Zambia’s Pervasive Homophobia
I got published!! It’s been such a crazy adventure trying to get this piece out, but it finally happened in late July. And I just realized I never wrote a blog piece about it. So here we go!
Last Fall, I took a writing course at Ryerson University with the amazing Carla Lucchetta (check out her writing) where I wrote a pitch letter for this piece, as well as a first draft. Just before Christmas, I pitched a story on LGBTQ rights in Zambia to Daily Xtra, and just after the new year, they accepted it! But then there were delays with editing, then my editor left for another publication, etc, etc. But now I’m finally published!!
I’d visited Zambia the previous summer, and also travelled through Namibia, Botswana, and Zimbabwe. While in Zambia – a country, like many in sub-Saharan Africa, where homosexuality is illegal – I interviewed Juliet Mphande, the Executive Director of LGBTQ organization Friends of Rainka. These were my original opening two paragraphs, for the writing class:
In Zambia, a landlocked country in southern Africa, Juliet Mphande leads an LGBTQ organization, Friends of Rainka, which aims to advance, promote, and protect the human rights of sexual minorities. It’s a difficult place to be doing that kind of advocacy. A 2010 study showed that 98% of Zambians find homosexuality intolerable compared with 11% of Ugandans who do find it tolerable. It is within this context that I arrange to meet Juliet at a Lusaka location that won’t bring too much unwanted attention to either of us. As I search for someone who could be her on the open-air patio of the restaurant we’ve chosen, a recent front page headline in Zambia’s daily national newspaper swirls in the back of my mind: “Cage Filthy Homos….they are worse than dogs.” This is not a place to be openly gay, even for a white, blonde Canadian like me. Finally, I spot a solitary woman at a booth just inside the restaurant. I join her, and we begin to discuss the reason I am there – to learn more about the situation of LGBTQ people in the country. “Enough is enough,” Juliet begins.
It’s summer 2013, and this is the first time I’ve considered myself an “unwanted tourist.” I am travelling through a country, as an openly gay person, where homosexuality is illegal. I’d been to other countries, also on the African continent, with jail sentences for the “crime” of homosexuality, but I wasn’t yet out – to myself, or to anyone else. Back then, I had an acceptable level of contempt for the laws of the countries where I travelled, but that was it. I didn’t have to think about my own personal safety. While I was incensed by other people viewing my friends as being “sinners” or less deserving of human rights, I now felt a new level of hurt, when that hatred and prejudice were directed at me.

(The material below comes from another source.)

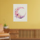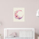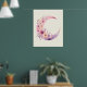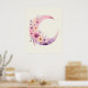 Poster com uma bela ilustração com uma lua rosa e púrpura da lua. Bonito flores silvestres cor-de-rosa e amarelas adornam este corpo celeste.

It was a very surreal experience travelling through four countries where I knew I wouldn’t be allowed to live and truly be myself. Where I knew that people like me were struggling to live their lives in fear and hiding. There were glimpses of these lives as I wandered along my trip. I brought a Canadian LGBTQ flag with me, and took a photo of it in every country I was in – my own little act of rebellion. Then there were the other gay and lesbian travellers I’d subtly suss out and warm up to, like the woman who worked for MSF who spoke to me about being gay and working for an international organization in countries where homosexual acts are illegal. There was the book I stumbled across in the national museum in Lusaka about sexuality in Zambia, with its three paragraphs on homosexuality. It described how women in America “chose” to be lesbians because of fear of contracting HIV/AIDS.
And finally, I met with Juliet Mphande.
And the final result of all this travel and exploration? My very first commissioned – and paid – piece published in Xtra on July 26, 2014, entitled Zambia’s Pervasive Homophobia. Hope you like it! The ending is one of my favourite parts:
I ask if she’s afraid and mention David Kato, a well-known gay rights activist in Uganda who was murdered in 2011. Mphande appears unfazed. “It’s not a job; it’s who I am,” she says. “The worst thing that could happen is to not be an activist.”
Shortly after I got back from my trip through southern Africa, I was killing time at the Indigo at Yonge and Eglinton before meeting a friend for dinner. There, just before I left the store, there was a table lined with books for Gay Pride. “Wow,” I thought. “I’m home.”